The term PAVRs was orginated by ARCTRUST and is an acronym for the phrase “Protected Appreciation Vehicles for Real Estate”. PAVRs are investments that combine the safety and cash flow features of a corporate bond, with the appreciation and tax benefits inherent of real estate. PAVRs are favored investments by investors who are willing to take a slightly lower yield in exchange for more safety, transparency and reliability compared to directly investing in real estate. PAVRs also benefit from simple record keeping and tax reporting. Minimum distributions are fixed in advance and the appreciation is paid based upon rudimentary formulas that are easy to calculate. There are three primary types of PAVRs:


Net Lease Properties are general purpose properties leased for a long term to nationally or regionally recognized tenants with strong credit. Under the net lease structure, the tenant generally pays all expenses associated with the property and has periodic increases in rent. Due to favorable tax and balance sheet benefits, most national companies do not own their own real estate and prefer to lease the properties back to investors. The net lease structure allows the tenant to preserve their capital for the main operating business.

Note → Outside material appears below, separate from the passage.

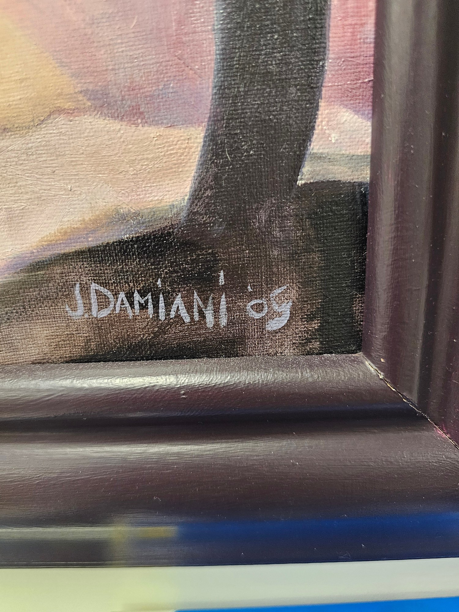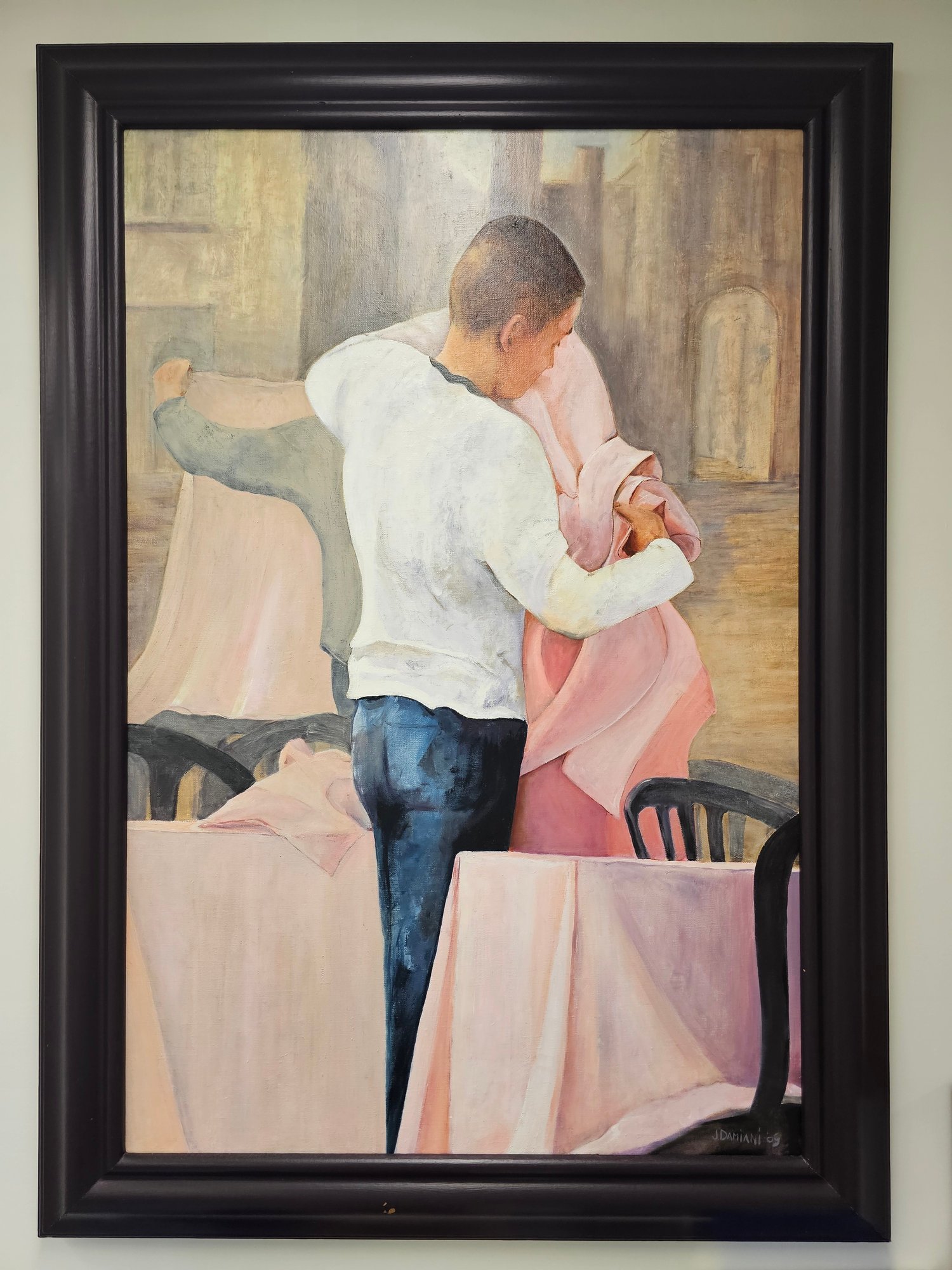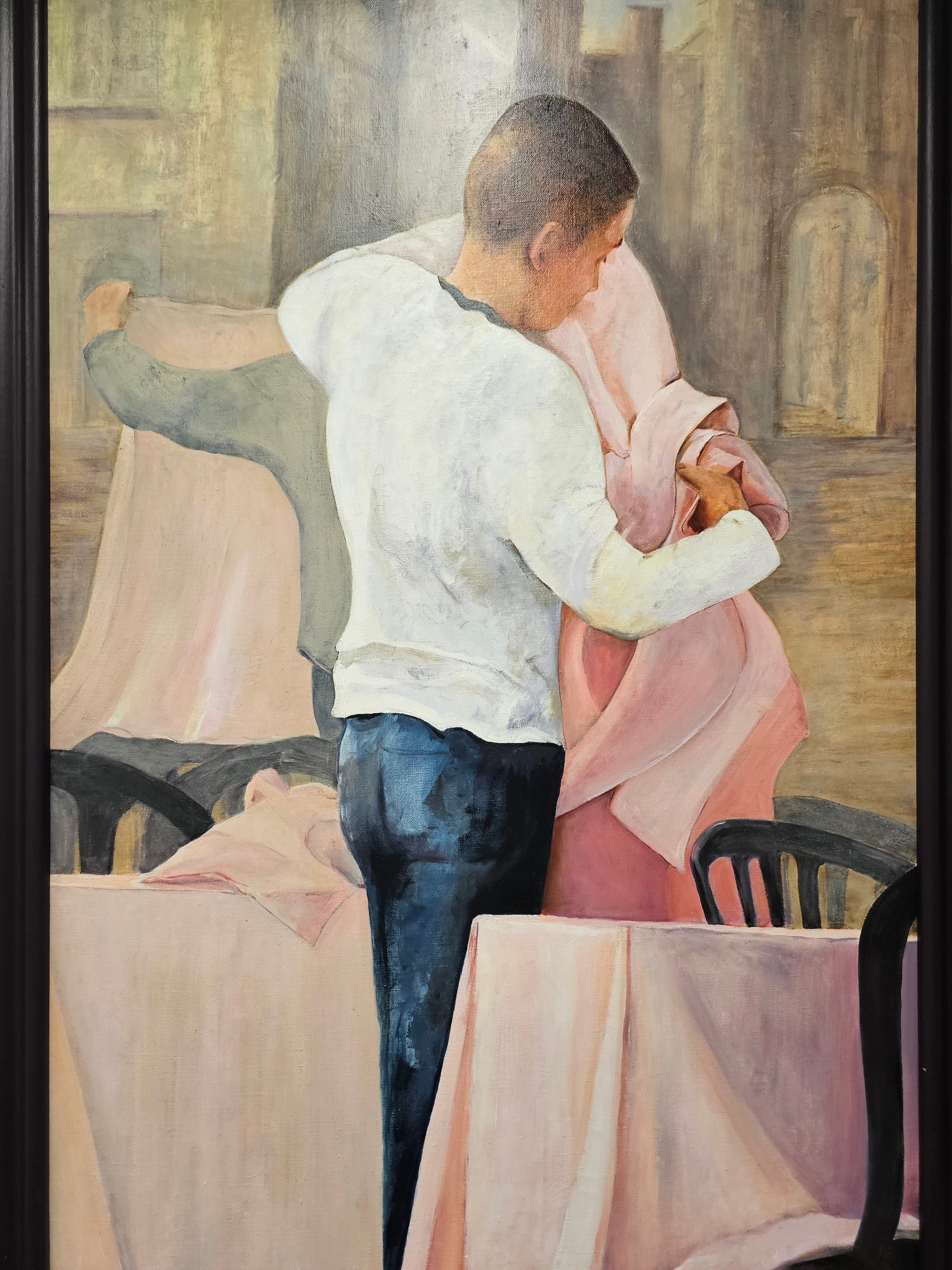 Oil on Canvas Signed J Damiani of Boy Setting a Table Cloth measures 30x42 Likely to by by Joan Damiani of Hillsdale NY (Columbia County) Measures 30x42

Participating Debt is a lending vehicle that includes a typical loan combined with participation in the cash flow and future value of a property. The participation can be completed through direct participation of the real estate or through warrants or options that can be exercised in the future. Many real estate owners prefer this structure because it is tax efficient and allows them to participate in the future appreciation of a property. Real estate owners may be unwilling to sell because they are optimistic about the future.


Preferred Equity is an equity investment into an entity or property where the investment has a priority in cash flow and capital events. Like Participating Debt, many real estate owners want to keep ownership of their property but need capital for a particular investment. Some structures do not allow new Debt to be invested so Preferred Equity can accomplish the same thing as Participating Debt but uses an equity investment instead.